After forming the cutting groove 17 along all the planned dividing lines 13 along the X-axis direction, the work clamp table 32 is rotated 90 degrees by the rotating mechanism, and follows all the planned dividing lines along the X-axis direction in the same way again. 13 to form the cutting groove 17.

Thereby, a dicing groove 17 having a predetermined depth is formed in the entire area corresponding to the planned dividing line 13 on the rear surface 11b side. Furthermore, the kerf width (that is, the width of the cutting groove 17) of the cutting edge 34c of the cutting blade 36 is a predetermined value, for example, not less than 10 μm and not more than 100 μm. roughly the same.

The substrate 11 after the dicing groove 17 is formed has a corner portion 17 a on the rear surface 11 b side of the dicing groove 17 . That is, the board|substrate 11 has the edge part of the cut groove 17 in the back surface 11b, ie, the corner part 17a. The corner portion 17 a may also be a corner portion on the back surface 11 b side of the substrate 11 formed by the dicing groove 17 . As shown in FIG. 4, the corner portion 17a immediately after the dicing groove 17 is formed has a right-angled shape.

After the dicing groove forming step ( S20 ), the back surface 11 b of the substrate 11 is polished by a polishing device (polishing step ( S30 )). FIG. 5 is a perspective view showing a grinding step (S30). 6 (A) is a partial cross-sectional side view of the polishing pad 54d and the optical element wafer 19 in the polishing step (S30), and FIG. 6 (B) is a partial view of the optical element wafer 19 after the polishing step (S30). Sectional view.
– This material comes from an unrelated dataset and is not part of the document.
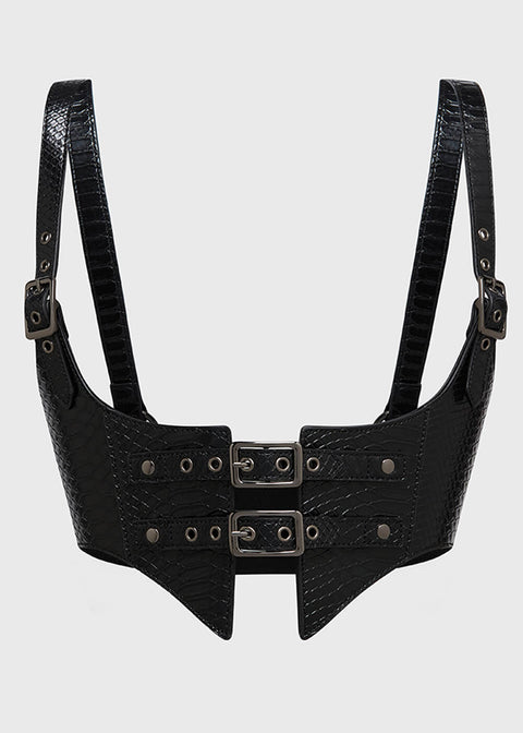The Venomous Rose Underbust Harness does exactly that: featuring a curved corset shape, buckle closure, and a faux snake skin look that adds an immediate touch of danger. Not subtle, yet powerful. Just perfect!

In the polishing step ( S30 ), the rear surface 11 b of the substrate 11 is polished using the polishing apparatus 50 shown in FIG. 5 . The polishing device 50 includes a chuck table 52 that supports the optical element wafer 19 . This work chuck 52 is connected to a rotation mechanism (not shown) such as a motor, and can rotate at high speed around a rotation axis substantially parallel to the Z-axis direction.

The work holder 52 has a disc-shaped perforated plate 52 a on its upper surface, and the upper surface of the perforated plate 52 a is a holding surface 52 b formed to attract and hold the front surface 19 a side of the optical element wafer 19 through the protective member 21 .

This holding surface 52b is connected to a suction source (not shown) through a suction path 52c, a suction path 52d, and the like formed inside the chuck table 52. As shown in FIG. The front side 19a side of the optical element wafer 19 can be sucked and held by the chuck table 52 by allowing the negative pressure of the suction source to act on the holding surface 52b.

The grinding device 50 further includes a grinding unit (grinding unit) 54 at a position facing the chuck table 52 . The grinding unit 54 has a main shaft 54a that rotates about a rotation axis substantially parallel to the Z-axis direction. The main shaft 54a is raised and lowered by a lifting mechanism (not shown). A disc-shaped hub 54b is fixed to the lower end side of the main shaft 54a.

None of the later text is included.